L'utopie est traditionnellement associée à une vision d'une société idéale, où les problèmes et les conflits sont résolus, et où le bonheur règne en maître sans qu'il faille compter sur la Providence divine. Cette représentation évoque un mode de vie peut-être irréalisable, mais qui nourrit l'imaginaire collectif en offrant un modèle à atteindre.

Cependant, l'eutopie vient nuancer cette perspective en proposant une vision idéale réalisable ou du moins atteignable, un "bon lieu pour vivre" où les principes utopiques sont ancrés dans la réalité. Cette approche, moins idéalisée mais plus pragmatique, cherche à tracer un chemin vers un idéal social concret, en tenant compte des limitations et des défis du monde réel. Elle inspire des changements positifs en travaillant à des objectifs réalisables et réalistes pour améliorer la vie de tous.

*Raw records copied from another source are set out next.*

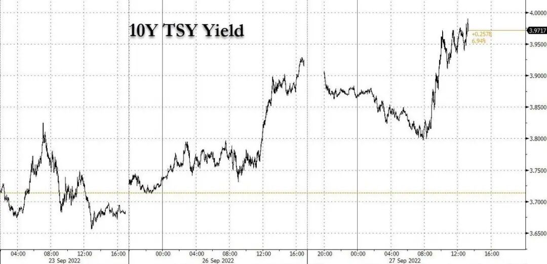 美银全球研究部在9月28日表示,“美债的亏损率可能是自1949年以来最大的一年,遭受了数十年以来最严重的抛售潮”,所有的美国债券收益率都在飙升,将美债价格推至15年以来最低,10年期接近3.9%,2年期收益率超过4.3%。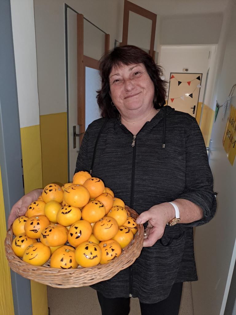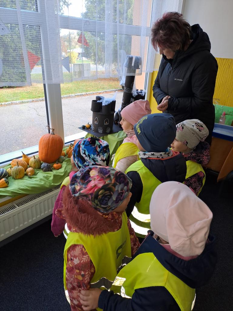 Poslední říjnový den pořádala škola akci spojenou s keltským svátkem Halloween. Ve škole pořádali výstavu vydlabaných dýní, stezku odvahy a přespání. Protože jsme velmi zvědaví, navštívili jsme kamarády a prohlédli si ve škole dokonalou výzdobu. V denním světle se naše děti nic nebály a o vše kolem se zajímaly. Dýničky si chtěly také vyrobit. Ve školce jsme si povídali o Dušičkách a vhodnou formou dětem vysvětlili jejich význam.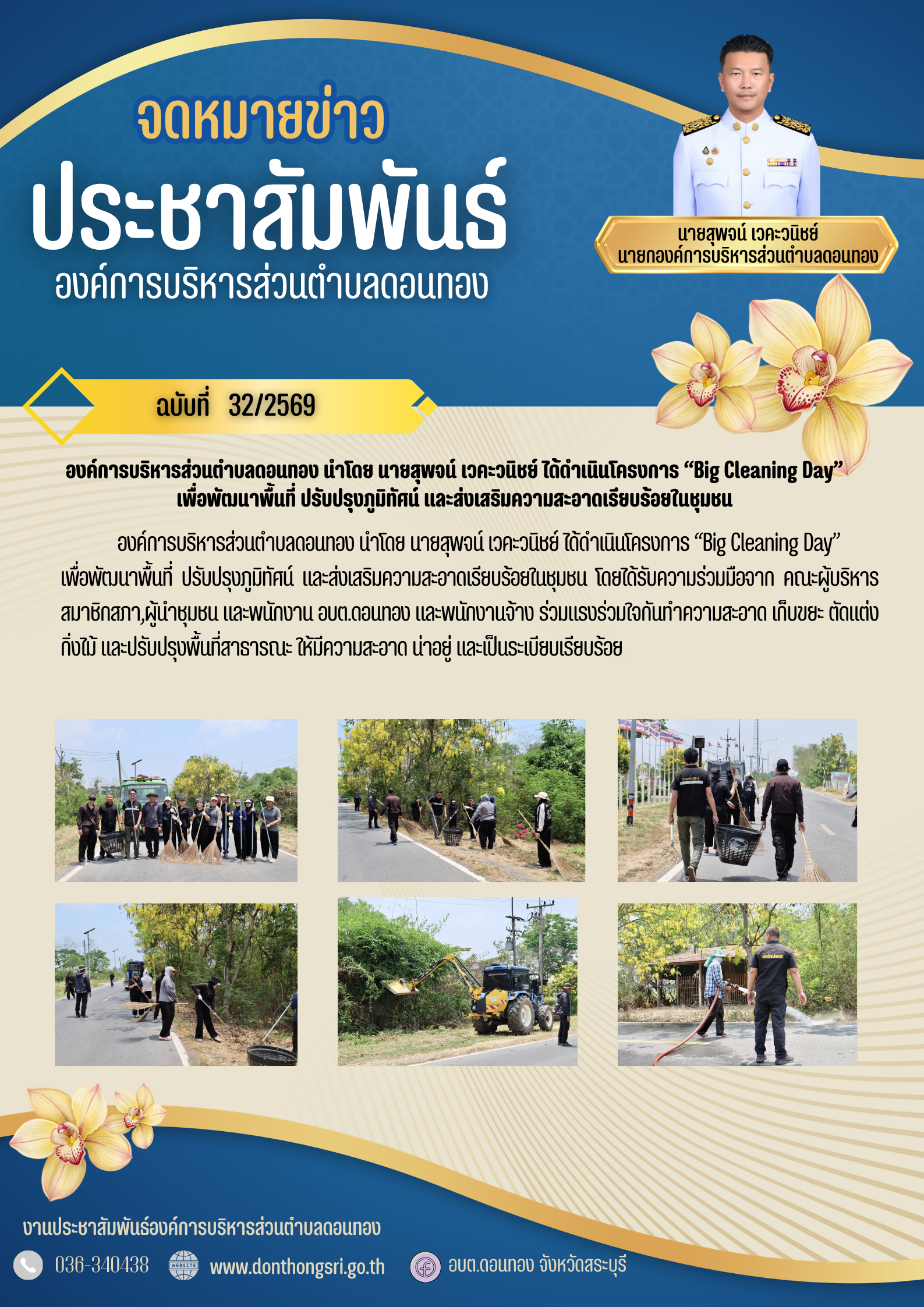 เมื่อวันพฤหัสบดีที่ 2 เมษายน 2569 เวลา 09.00 น. องค์การบริหารส่วนตำบลดอนทอง นำโดย นายสุพจน์ เวคะวนิชย์ ได้ดำเนินโครงการ “Big Cleaning Day”เพื่อพัฒนาพื้นที่ ปรับปรุงภูมิทัศน์ และส่งเสริมความสะอาดเรียบร้อยในชุมชน โดยได้รับความร่วมมือจาก คณะผู้บริหาร สมาชิกสภา,ผู้นำชุมชน และพนักงาน อบต.ดอนทอง และพนักงานจ้าง ร่วมแรงร่วมใจกันทำความสะอาด เก็บขยะ ตัดแต่งกิ่งไม้ และปรับปรุงพื้นที่สาธารณะ ให้มีความสะอาด น่าอยู่ และเป็นระเบียบเรียบร้อย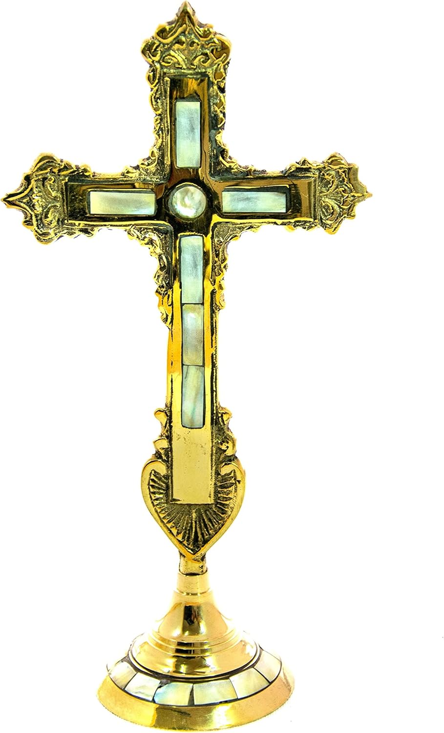 Standing Table Altar Crucifix, Jesus Christ Brass Blessing Cross, Handmade Greek Orthodox Byzantine Gold plated Holy Cross, religious decor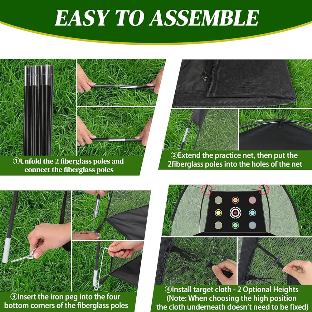 【سهولة التجميع والنقل】يسمح إطار العمود المصنوع من الألياف الزجاجية خفيف الوزن والمتين بالتجميع السهل والسريع. علاوة على ذلك، فإن تضمين حقيبة حمل محمولة يجعل من السهل نقل المجموعة بأكملها إلى مواقع مختلفة، سواء كنت تمارس الرياضة في الفناء الخلفي أو في نطاق القيادة أو في رحلة جولف.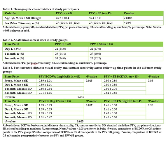 Results: Ninety eyes of 90 patients with primary RRD were included (PPV: n = 45 eyes; PPV+SB: n = 45 eyes). The PPV group was approximately a decade younger (45.2 vs. 55.4 years, P < 0.05), while sex distribution was similar in both groups (P > 0.05). Anatomical success rates improved over 3 months, reaching 74.0% (n = 33) for PPV versus 62.2% (n = 28) for PPV+SB. PPV achieved significantly better final BCDVA (2.71 vs. 2.84 logMAR, P < 0.05). CS increased significantly over time in the PPV group (P < 0.05) but remained stable in the PPV+SB group (P > 0.05). Although the final CS was significantly higher in the PPV+SB group compared to the PPV group (P < 0.05), this difference reflected the higher baseline values in the former group. Overall, PPV alone provided greater anatomical and functional improvement over 3 months than did the combined surgery.

Quand Thomas More inventa ce genre littéraire, il avait l'ambition d'élargir le champ du possible et non de l'impossible comme ce mot est synonyme aujourd'hui.

L'idée de progrès de l'homme est une des idées fondamentales du siècle des Lumières. En faisant miroiter loin sur la ligne du temps une utopie crédible et attractive, elle faisait qu’on retroussait les manches et, surtout, elle donnait l’envie d’avancer ensemble. En somme, croire au progrès, c’était accepter de sacrifier du présent personnel pour fabriquer du futur collectif. *

Au 20e siècle, les utopies laissent la place aux dystopies, du grec "dus" (difficulté, malheur), élément préfixal qui exprime une idée de mauvais état. Mais plus qu'une utopie qui tourne au cauchemar, la dystopie est une critique de l'utopie comme fondement et justification des systèmes totalitaires. Ainsi, le régime nazi s'ancrait dans une utopie suprémaciste raciale, et l'URSS reposait sur une utopie communiste.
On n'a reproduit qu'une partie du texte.